Give the entries again exactly. Skip the pictures.
Exercise inputs below:
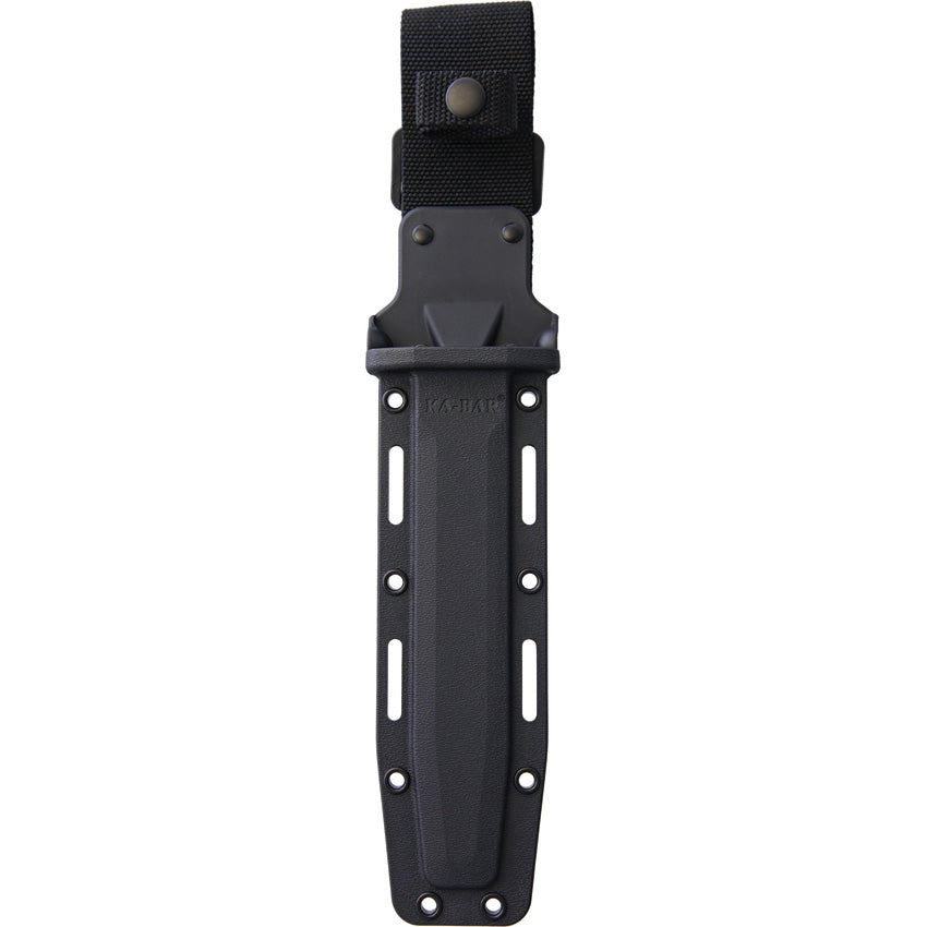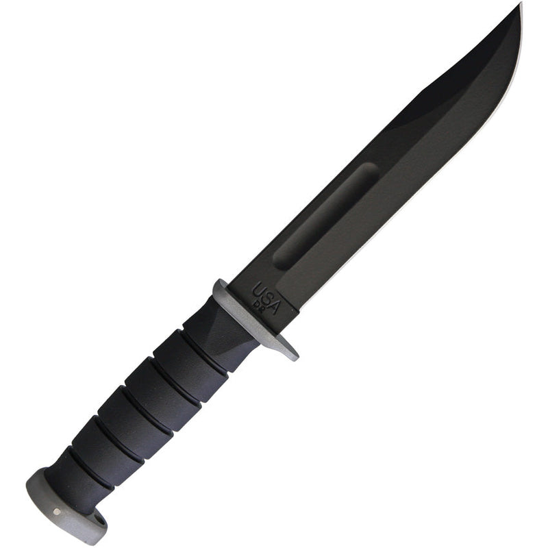 12" (30.48cm) overall. 7" (17.78cm) black powder coated D2 tool steel clip point blade. Black Kraton handle. Stainless guard and pommel. Black polymer belt sheath. Boxed.
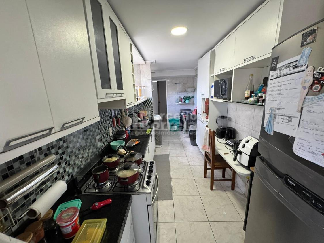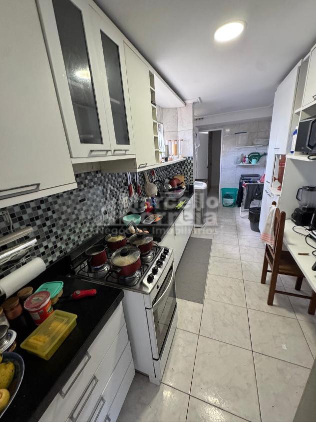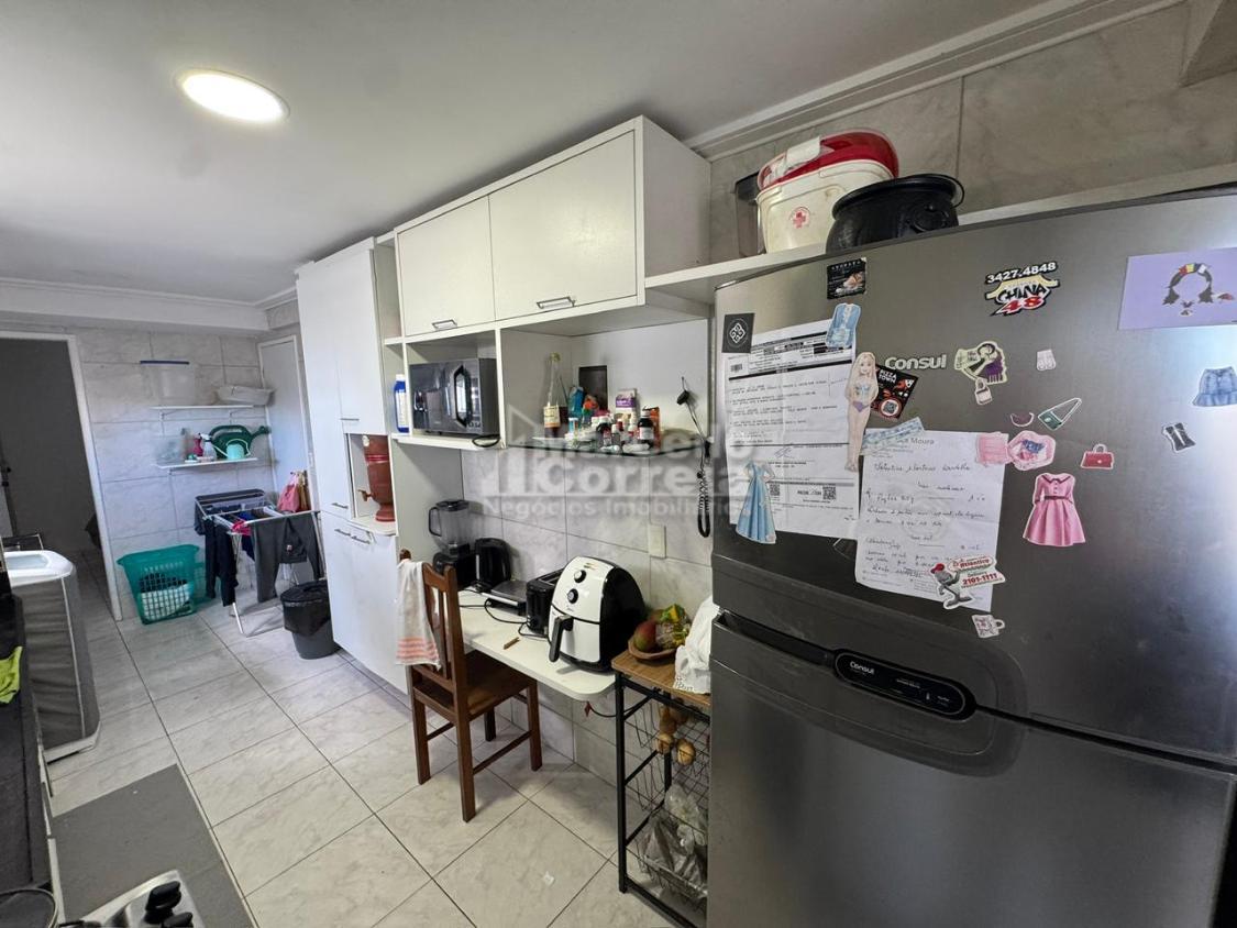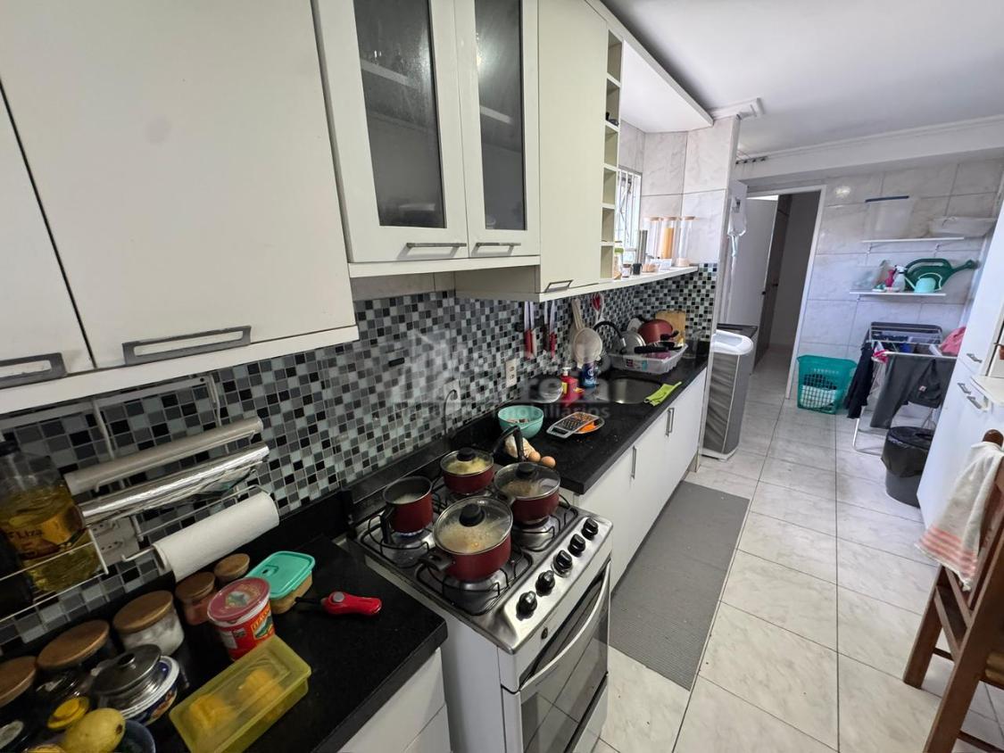 Imóvel de 112m² com 3 quartos, sendo 1 suíte, 1 banheiro social, sala para 2 ambientes, área de serviço, despensa, varanda e WC de serviço.
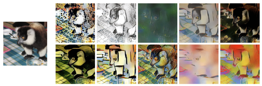 결과적으로 논문에서 주장하고자 하는 것은 한가지, 기존의 일반적인 영상으로 학습한 CNN들은 texture에 편향되었으며, 이를 shape에 편향되도록 해야만 강건하게 동작한다는 것입니다. CNN이 texture 편향되었다는 대표적인 예시 중 또 한가지는 아래 그림과 같이 영상에 style(texture)를 입히는 style transfer 분야에서 CNN을 활용하면 영상을 잘 생성하는 반면에 Image to Image Translation과 같이 Content image의 shape을 잘 유지하면서 style을 변경하고자 하면 생성된 영상의 shape이 많이 손상되는 것을 볼 수 있습니다.
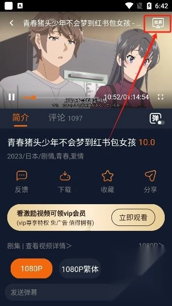 2、然后选择对应的剧集,在页面右上角找到tv投屏的图标
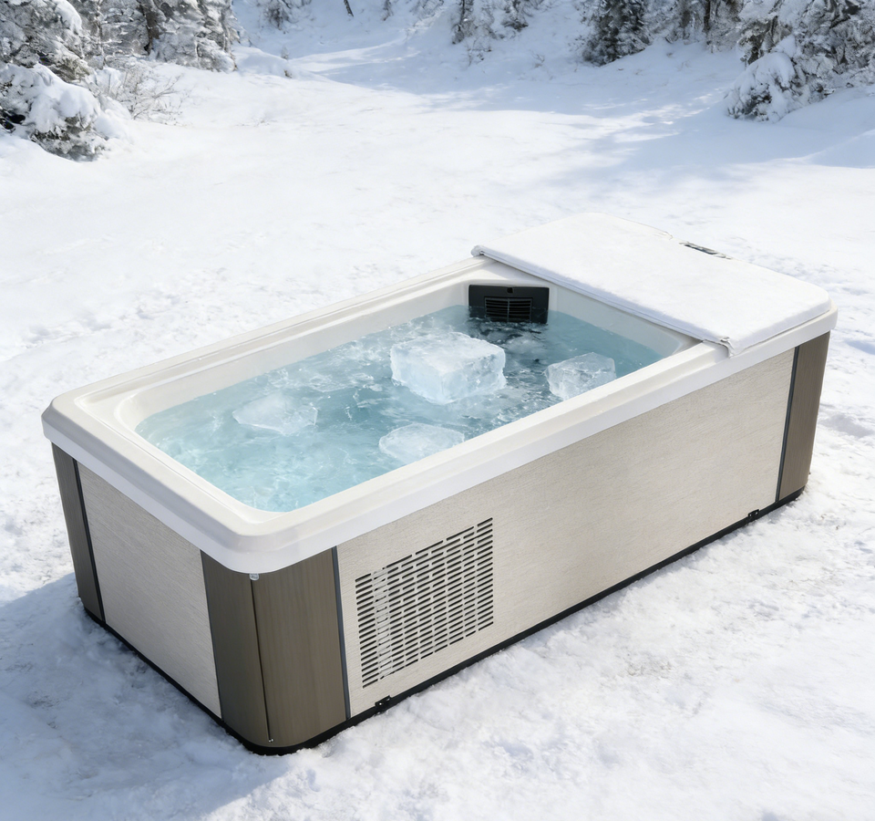 Baignoire à glace commerciale tout-en-un avec système de refroidissement, filtre à eau, ozone et spa de récupération en acrylique
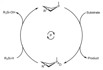 Since the early 2010s, much progress has been made in the development of phosphetanes as useful reagents and catalysts to complement transition metal catalysts in organic synthesis. These efforts have primarily been made by the research group of Dr. Alexander Radosevich[43][44][45][46][47][48] at Pennsylvania State University, and subsequently the Massachusetts Institute of Technology, but contributions from the lab of Dr. Thomas Werner[49][50] at the Leibniz-Institut für Katalyse (Leibniz Institute for Catalysis) have also been impactful. The common theme underpinning these works is an active phosphetane species reductively acting on a substrate, resulting in formation of phosphetane oxide and the desired product, followed by reduction of the phosphetane oxide back to the phosphetane with a mild silicon hydride which closes the catalytic cycle.
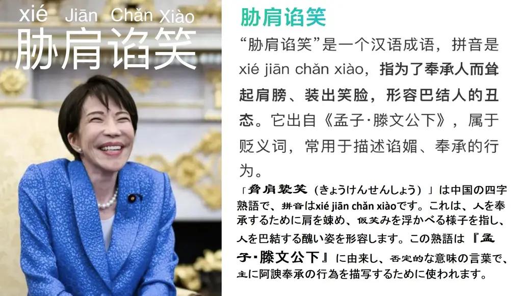 高市早苗在美国极尽谄媚,可她最大目的完全没实现! 高市早苗抢在美国总统来我国之前和他见一面,最大目的是让美国在中日之间的争端中支持日本。 高市早苗为了达到这个目的,在美国毫不顾及脸皮,极尽谄媚,甚至到了令人作呕的地步。 我国有个成语“胁肩谄笑”完美形容了她的样子,出自几千年前的《孟子》一书,没想到在今天具象化了。 不过,最终的现实是美国总统不但没表态支持日本,反而提了珍珠港。 可以说这一趟美国之行,高市早苗什么都没有得到,除了丢人现眼!
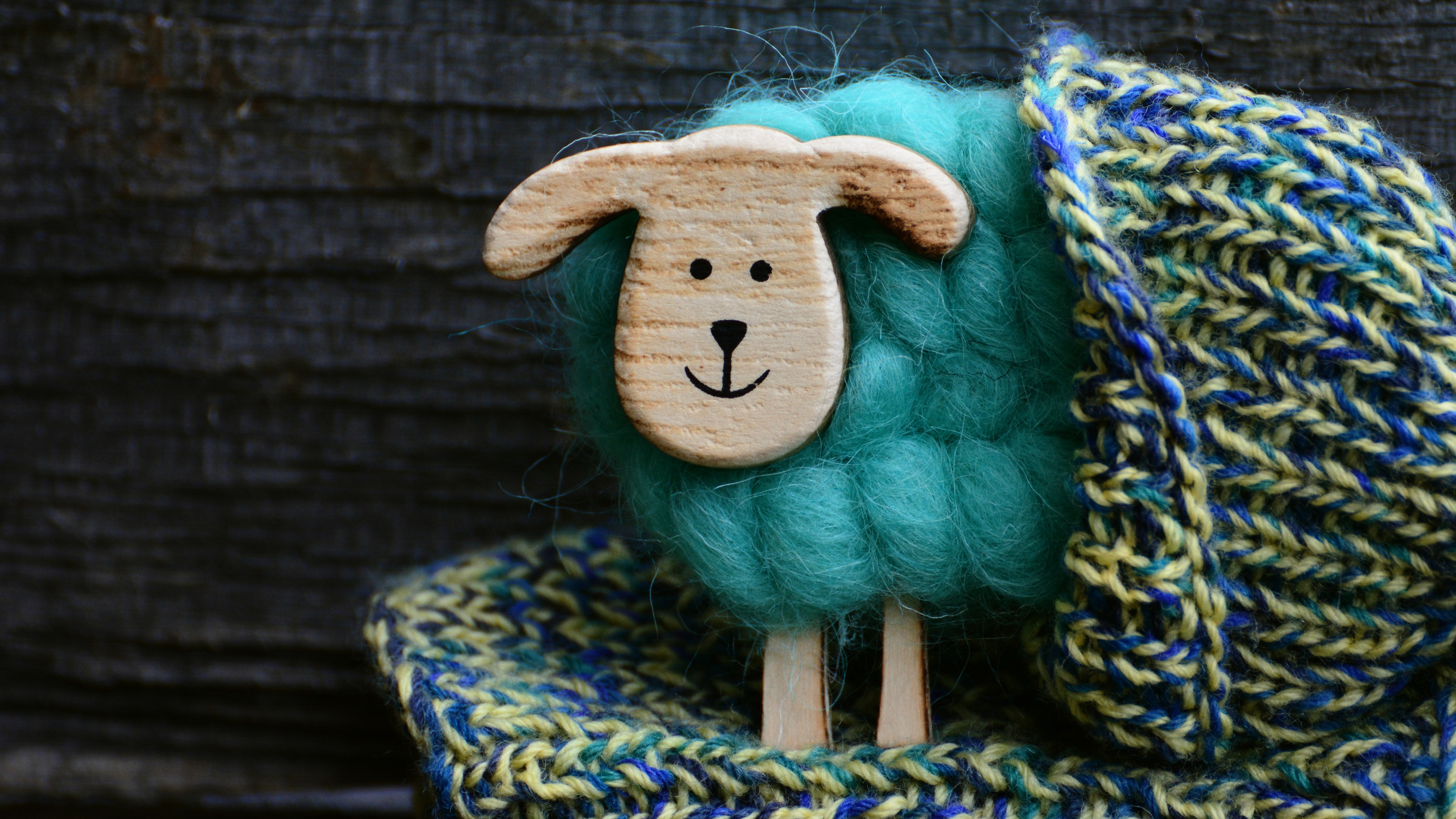 Description: A wooden sheep is sitting on a blanket on a wooden surface with a blue and yellow blanket around it.
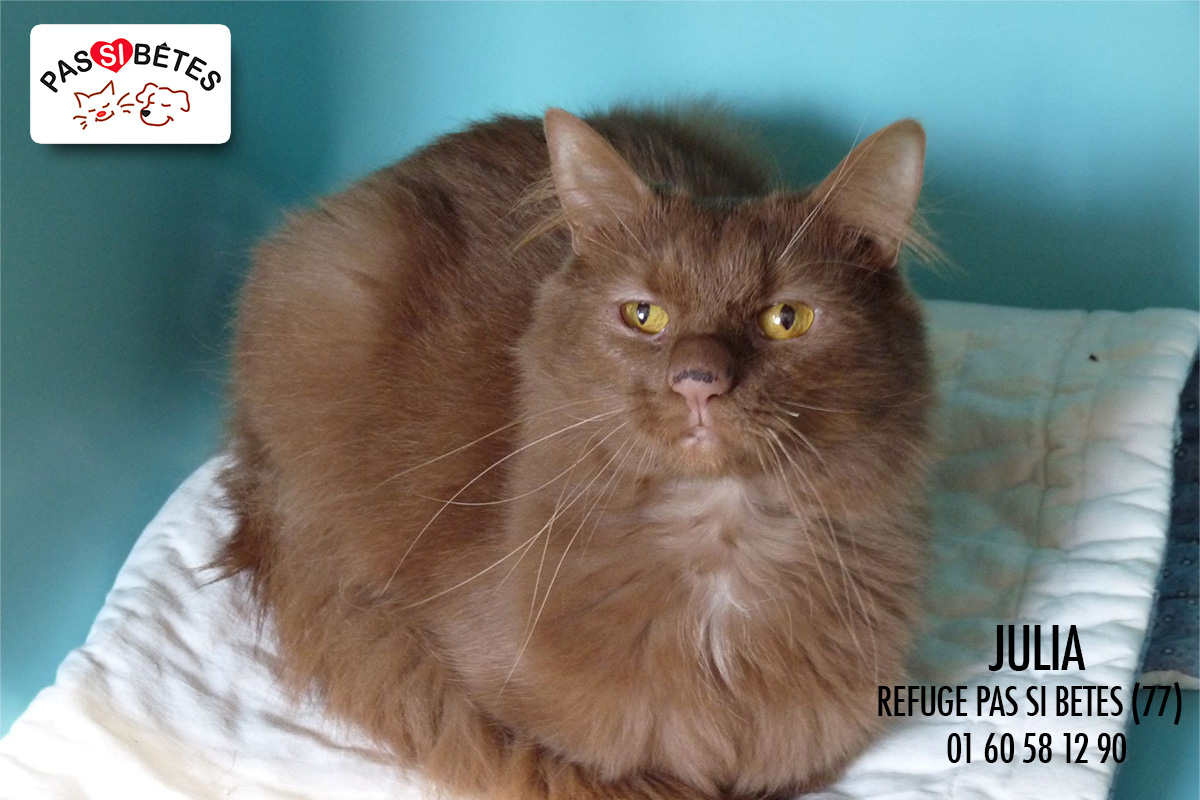 Julia a une pododermatite plasmocytaire, maladie qui atteint les coussinets et parfois le nez, certainement d’origine auto-immune. Julia suit donc un traitement à base de cortisone.
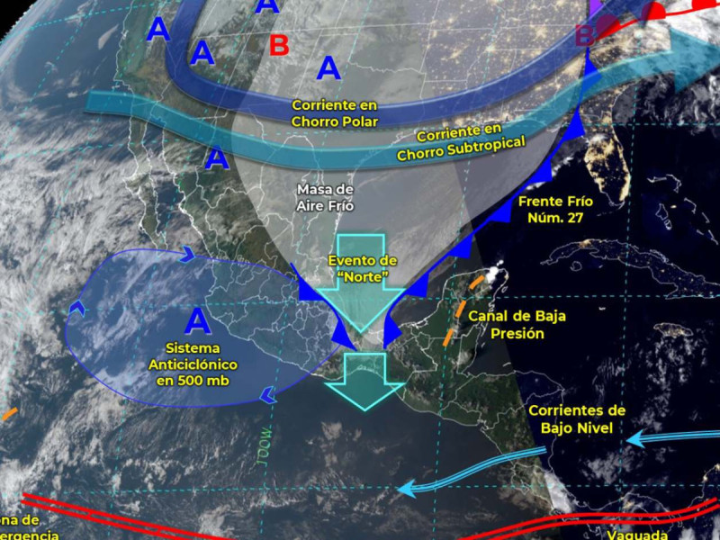 La masa de aire frío asociada al frente frío 27 mantendrá evento de “Norte” fuerte a muy fuerte en el sur del litoral del Golfo de México, la Península de Yucatán, Istmo y Golfo de Tehuantepec, así como bancos de niebla, lluvias y chubascos sobre la Sierra Madre Oriental. A su vez, prevalecerá ambiente frío a muy frío sobre entidades del noroeste, norte, noreste, centro y oriente del territorio nacional, así como gélido en sierras de Sonora, Chihuahua, Durango y Coahuila.
End of Exercise inputs.
■ **Exercise answer**
 12" (30.48cm) overall. 7" (17.78cm) black powder coated D2 tool steel clip point blade. Black Kraton handle. Stainless guard and pommel. Black polymer belt sheath. Boxed.
 Imóvel de 112m² com 3 quartos, sendo 1 suíte, 1 banheiro social, sala para 2 ambientes, área de serviço, despensa, varanda e WC de serviço.
 결과적으로 논문에서 주장하고자 하는 것은 한가지, 기존의 일반적인 영상으로 학습한 CNN들은 texture에 편향되었으며, 이를 shape에 편향되도록 해야만 강건하게 동작한다는 것입니다. CNN이 texture 편향되었다는 대표적인 예시 중 또 한가지는 아래 그림과 같이 영상에 style(texture)를 입히는 style transfer 분야에서 CNN을 활용하면 영상을 잘 생성하는 반면에 Image to Image Translation과 같이 Content image의 shape을 잘 유지하면서 style을 변경하고자 하면 생성된 영상의 shape이 많이 손상되는 것을 볼 수 있습니다.
 2、然后选择对应的剧集,在页面右上角找到tv投屏的图标
 Baignoire à glace commerciale tout-en-un avec système de refroidissement, filtre à eau, ozone et spa de récupération en acrylique
 Since the early 2010s, much progress has been made in the development of phosphetanes as useful reagents and catalysts to complement transition metal catalysts in organic synthesis. These efforts have primarily been made by the research group of Dr. Alexander Radosevich[43][44][45][46][47][48] at Pennsylvania State University, and subsequently the Massachusetts Institute of Technology, but contributions from the lab of Dr. Thomas Werner[49][50] at the Leibniz-Institut für Katalyse (Leibniz Institute for Catalysis) have also been impactful. The common theme underpinning these works is an active phosphetane species reductively acting on a substrate, resulting in formation of phosphetane oxide and the desired product, followed by reduction of the phosphetane oxide back to the phosphetane with a mild silicon hydride which closes the catalytic cycle.
 高市早苗在美国极尽谄媚,可她最大目的完全没实现! 高市早苗抢在美国总统来我国之前和他见一面,最大目的是让美国在中日之间的争端中支持日本。 高市早苗为了达到这个目的,在美国毫不顾及脸皮,极尽谄媚,甚至到了令人作呕的地步。 我国有个成语“胁肩谄笑”完美形容了她的样子,出自几千年前的《孟子》一书,没想到在今天具象化了。 不过,最终的现实是美国总统不但没表态支持日本,反而提了珍珠港。 可以说这一趟美国之行,高市早苗什么都没有得到,除了丢人现眼!
 Description: A wooden sheep is sitting on a blanket on a wooden surface with a blue and yellow blanket around it.
 Julia a une pododermatite plasmocytaire, maladie qui atteint les coussinets et parfois le nez, certainement d’origine auto-immune. Julia suit donc un traitement à base de cortisone.
 La masa de aire frío asociada al frente frío 27 mantendrá evento de “Norte” fuerte a muy fuerte en el sur del litoral del Golfo de México, la Península de Yucatán, Istmo y Golfo de Tehuantepec, así como bancos de niebla, lluvias y chubascos sobre la Sierra Madre Oriental. A su vez, prevalecerá ambiente frío a muy frío sobre entidades del noroeste, norte, noreste, centro y oriente del territorio nacional, así como gélido en sierras de Sonora, Chihuahua, Durango y Coahuila.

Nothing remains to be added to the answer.